▸ WHAT YOU NEED TO DO: Please go line by line and repeat the data below exactly, with no images.

▸ SUPPLIED MATERIAL:
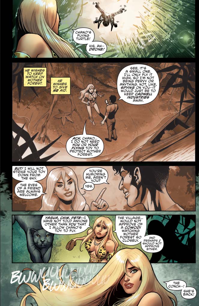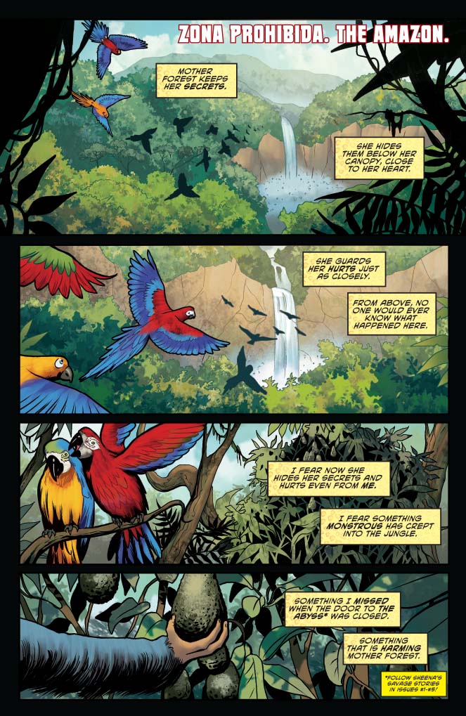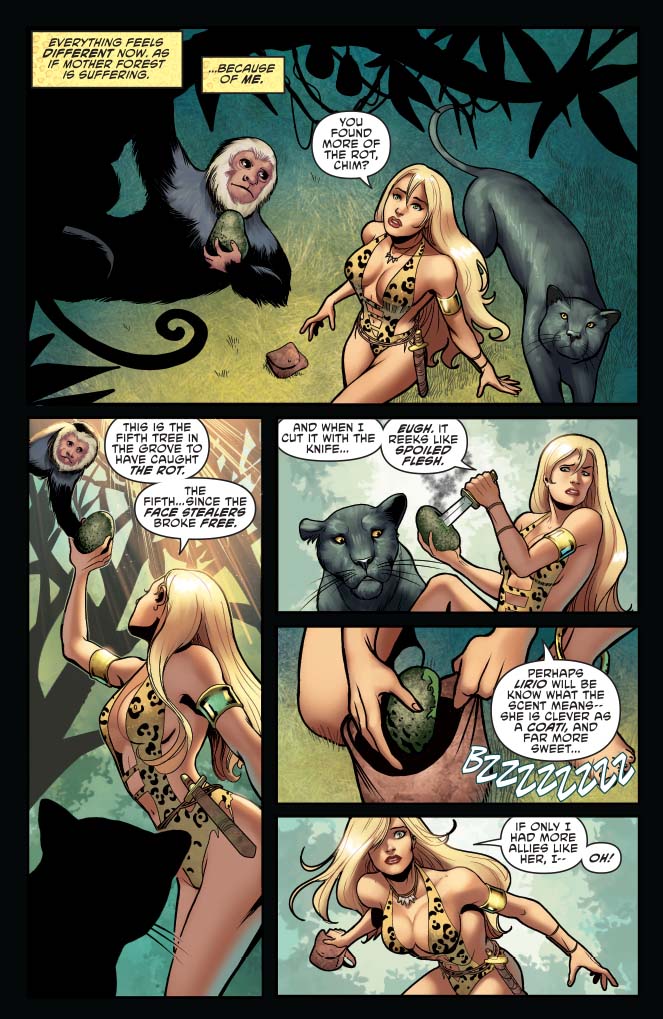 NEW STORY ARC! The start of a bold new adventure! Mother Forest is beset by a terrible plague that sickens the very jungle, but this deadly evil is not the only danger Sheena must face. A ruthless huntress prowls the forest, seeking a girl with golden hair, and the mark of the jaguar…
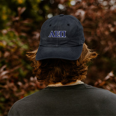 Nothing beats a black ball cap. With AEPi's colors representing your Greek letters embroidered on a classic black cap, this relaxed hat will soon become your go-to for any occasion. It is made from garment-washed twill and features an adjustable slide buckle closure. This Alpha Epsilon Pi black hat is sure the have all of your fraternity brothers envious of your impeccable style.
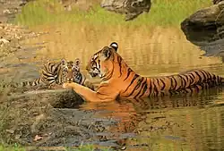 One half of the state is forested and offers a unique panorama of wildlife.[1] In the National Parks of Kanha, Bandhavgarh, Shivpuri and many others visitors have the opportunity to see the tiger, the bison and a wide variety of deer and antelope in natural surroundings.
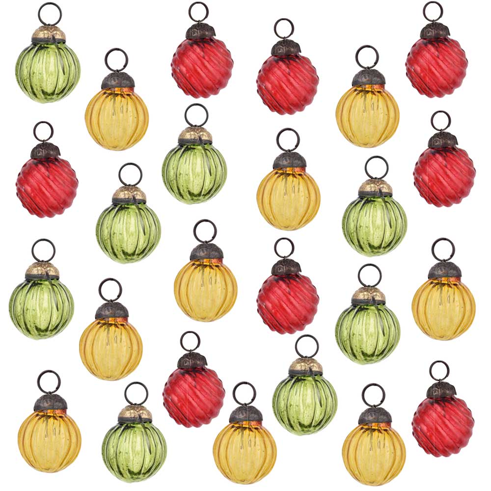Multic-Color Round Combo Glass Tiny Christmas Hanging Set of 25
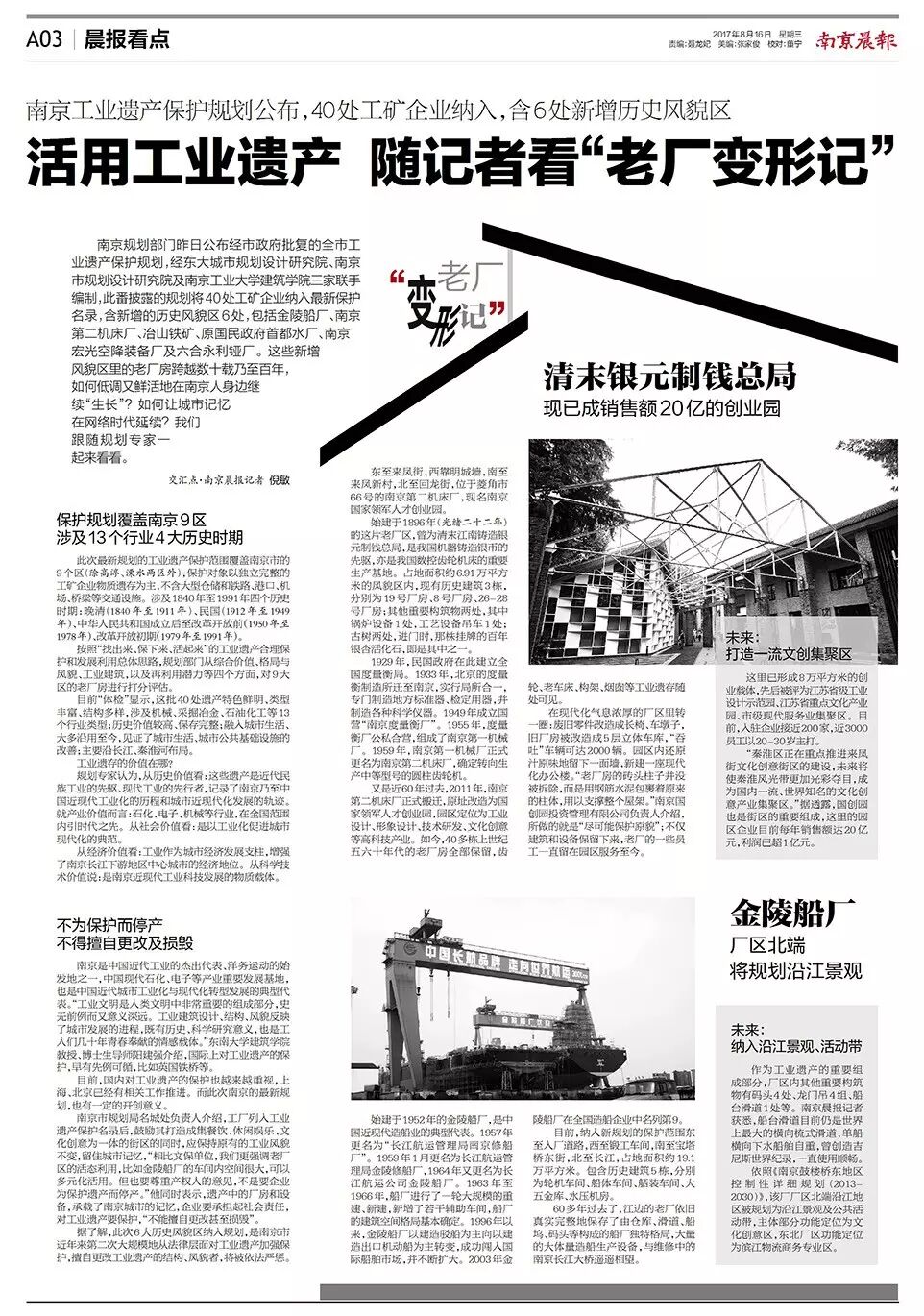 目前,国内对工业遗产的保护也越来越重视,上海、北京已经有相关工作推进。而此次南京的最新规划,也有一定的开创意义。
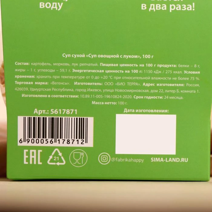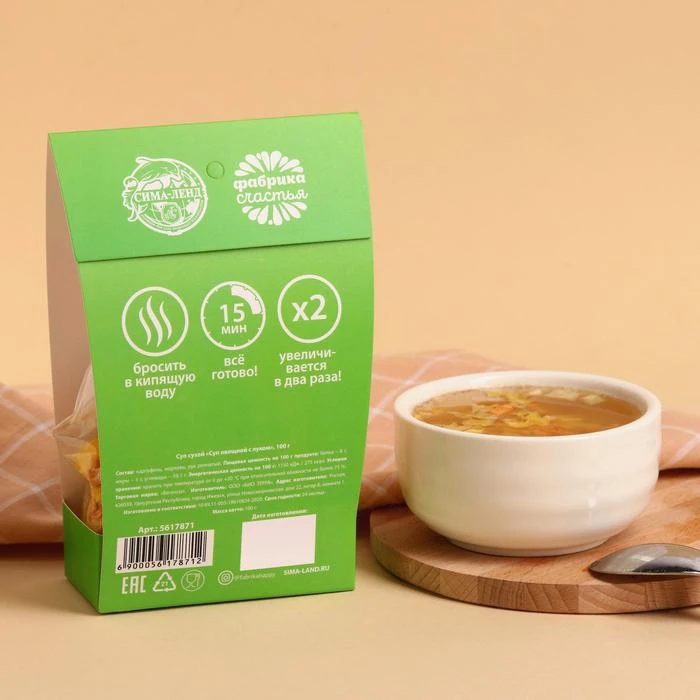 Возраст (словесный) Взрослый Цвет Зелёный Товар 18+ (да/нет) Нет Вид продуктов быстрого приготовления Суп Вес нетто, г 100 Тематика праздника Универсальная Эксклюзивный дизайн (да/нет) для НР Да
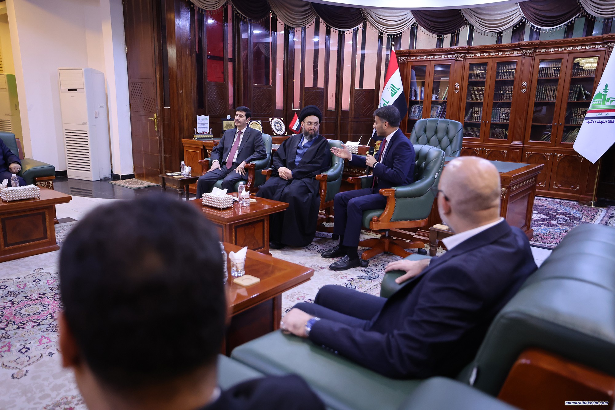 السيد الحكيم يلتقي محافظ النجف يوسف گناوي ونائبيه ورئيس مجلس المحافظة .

▸ ANSWER BELOW:
 NEW STORY ARC! The start of a bold new adventure! Mother Forest is beset by a terrible plague that sickens the very jungle, but this deadly evil is not the only danger Sheena must face. A ruthless huntress prowls the forest, seeking a girl with golden hair, and the mark of the jaguar…
 Nothing beats a black ball cap. With AEPi's colors representing your Greek letters embroidered on a classic black cap, this relaxed hat will soon become your go-to for any occasion. It is made from garment-washed twill and features an adjustable slide buckle closure. This Alpha Epsilon Pi black hat is sure the have all of your fraternity brothers envious of your impeccable style.
 One half of the state is forested and offers a unique panorama of wildlife.[1] In the National Parks of Kanha, Bandhavgarh, Shivpuri and many others visitors have the opportunity to see the tiger, the bison and a wide variety of deer and antelope in natural surroundings.
Multic-Color Round Combo Glass Tiny Christmas Hanging Set of 25
 目前,国内对工业遗产的保护也越来越重视,上海、北京已经有相关工作推进。而此次南京的最新规划,也有一定的开创意义。
 Возраст (словесный) Взрослый Цвет Зелёный Товар 18+ (да/нет) Нет Вид продуктов быстрого приготовления Суп Вес нетто, г 100 Тематика праздника Универсальная Эксклюзивный дизайн (да/нет) для НР Да
 السيد الحكيم يلتقي محافظ النجف يوسف گناوي ونائبيه ورئيس مجلس المحافظة .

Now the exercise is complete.